Research Grants & Projects

  • Japan Society for the Promotion of Science:Grants-in-Aid for Scientific Research Grant-in-Aid for Early-Career Scientists
    Date (from‐to) : 2019/04 -2021/03 
    Author : WATANABE Satomi
     
    AAAWe analyzed 20 patients with metastatic or recurrent extramammary Paget’s disease (EMPD). Protein expressions and gene expression analysis were performed, and we evaluated the relationship between the tumor profile and the treatment outcome and the survival. HER2 gene alteration was observed in a fraction of patients with EMPD, furthermore, HER2 positive patients who have received anti-HER2 targeted therapies showed apparent survival benefit compared to those who have not. On the other hand, gene expression analysis revealed overexpression of several gene expression pathways in EMPD tumors when compared with breast cancer tumors, which should be further investigated as potential treatment targets. Regarding immune environment, CD274 (PD-L1) overexpression was observed in EMPD patients, which indicated the potency of therapeutical development using immune check point inhibitors.

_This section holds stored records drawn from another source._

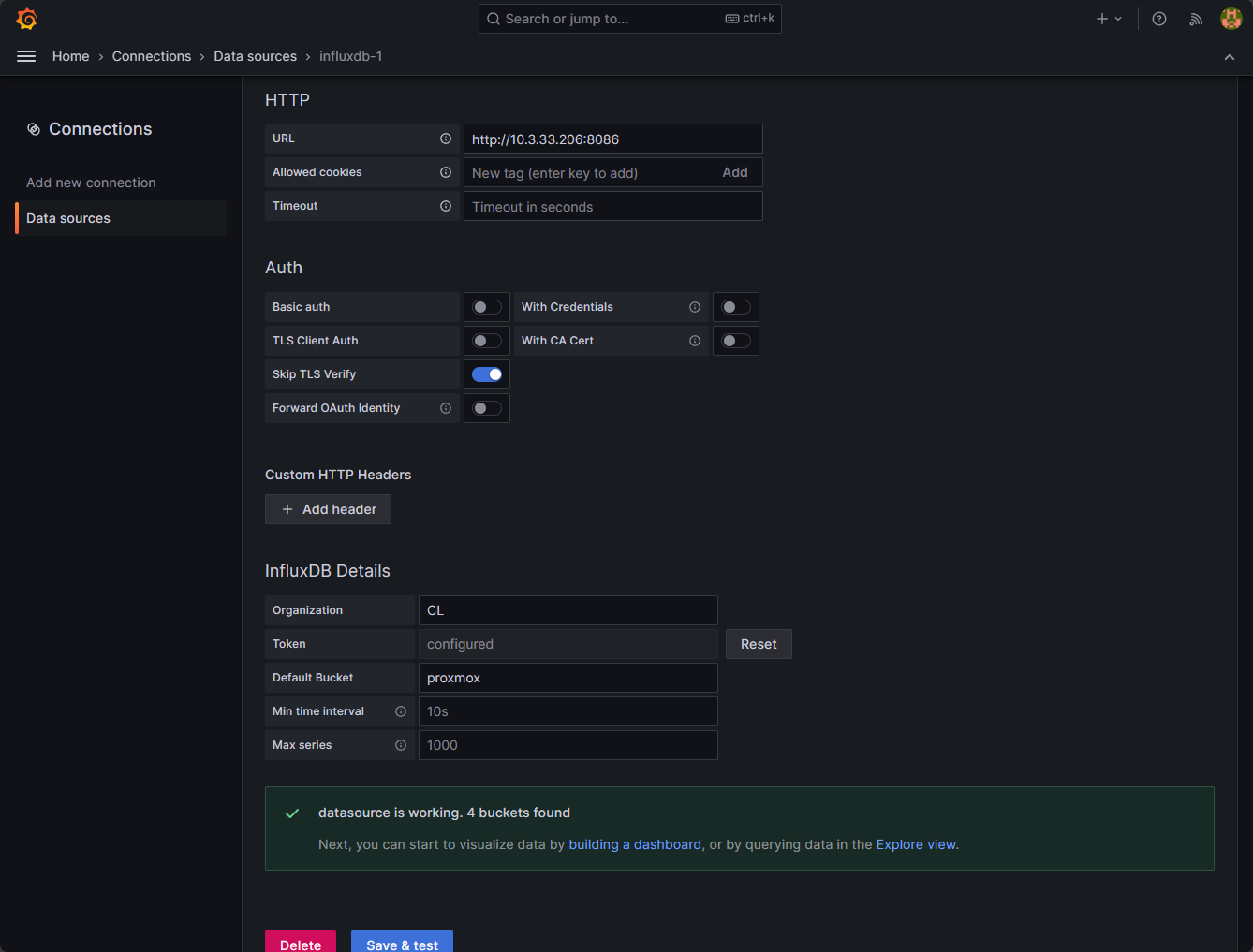 For reference, I used this really good post to create my initial configuration and modified it for my lab environment: Monitoring Proxmox with InfluxDB and Grafana (tcude.net).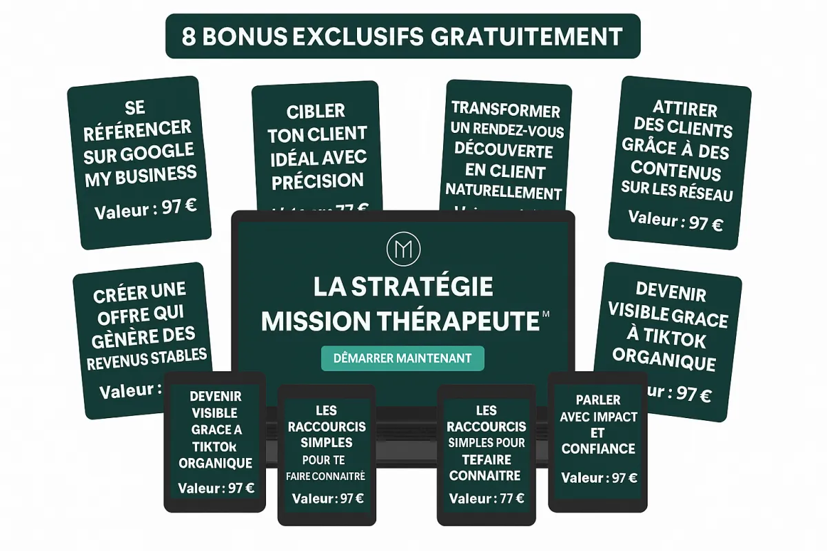 Ce bonus vous aide à bâtir une entreprise solide, claire et rentable — en posant les bases que 90 % des débutants oublient (et qui les empêchent de vivre de leur métier).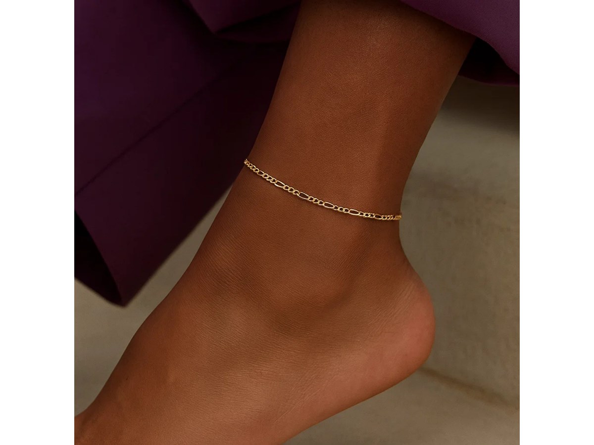 Figaro anklet crafted in 14k yellow gold measuring 1.9 millimeters in width and featuring a spring ring closure.
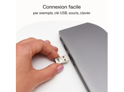 L'adaptateur fonctionne à la fois avec un smartphone et un ordinateur portable. Grâce à la fonction Plug&Play, l'adaptateur fonctionne immédiatement après avoir été connecté à l'ordinateur portable, sans nécessiter l'installation de pilotes supplémentaires.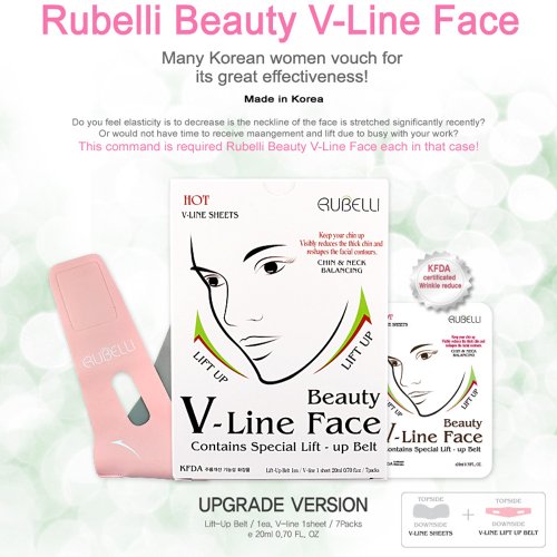 -. Binding : Misc. -. Brand : RuBelli -. Color : White -. EAN : 8809154986510 -. Feature : 'KORADE' is the Authorized Distributor by RuBelli / Achieve lifted V shaped face with Korean's hottest beauty product Rubelli Brand New. / Package includes: 7x V-Line Facial Sheet, 1x Neoprene Face Lift Belt / Face of the V line brightly surface sharp. Easy of use anywhere. / New Upgraded Version! Made in Korea -. Label : Rubelli -. Manufacturer : Rubelli -. PackageQuantity : 1 -. ProductGroup : Beauty -. ProductTypeName : BEAUTY -. Publisher : Rubelli -. Studio : Rubelli -. Title : Rubelli V Line Facial Mask Sheets Face Lift Up Chin Neck Wrinkles Reduce Packs - 7pcs Sheets with 1Belt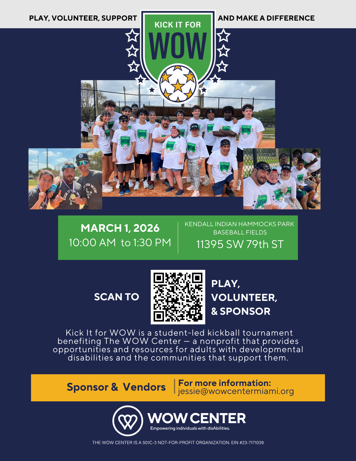 Kick It for WOW is a student-led kickball tournament supporting The WOW Center, a nonprofit empowering adults with developmental disabilities. Join the community on March 1, 2026, from 10:00 AM–1:30 PM at Kendall Indian Hammocks Park Baseball Fields to play, volunteer, or sponsor. All proceeds help fund inclusive programs and meaningful opportunities.

  • Japan Society for the Promotion of Science:Grants-in-Aid for Scientific Research
    Date (from‐to) : 2016/04 -2019/03 
    Author : YOSHIDA Takeshi; WATANABE satomi
     
    We evaluated the efficacy of dasatinib combined with the T790M-selective EGFR-TKI ASP8273 or osimertinib in EGFR mutation-positive NSCLC with or T790M mutation. A cell viability assay revealed that dasatinib had synergistic effects with these TKIs in T790M-positive cells and simultaneously inhibited Src, Akt, and Erk, which remained activated upon single-agent treatment. Dasatinib also increased the rate of apoptosis in T790M-positive cells induced by T790M-selective EGFR-TKIs, as determined by the Annexin-V binding assay; this was associated with downregulation of the antiapoptotic Bcl-2 family member Bcl-xL, a finding that was confirmed in mice bearing T790M-positive xenografts. Our results suggest that Bcl-xL plays a key role in the apoptosis resistance of T790M-positive NSCLC, and that dasatinib combined with clinically relevant T790M-selective EGFR-TKIs is potentially effective in overcoming resistance to first-generation EGFR-TKIs in NSCLC patients with acquired T790M.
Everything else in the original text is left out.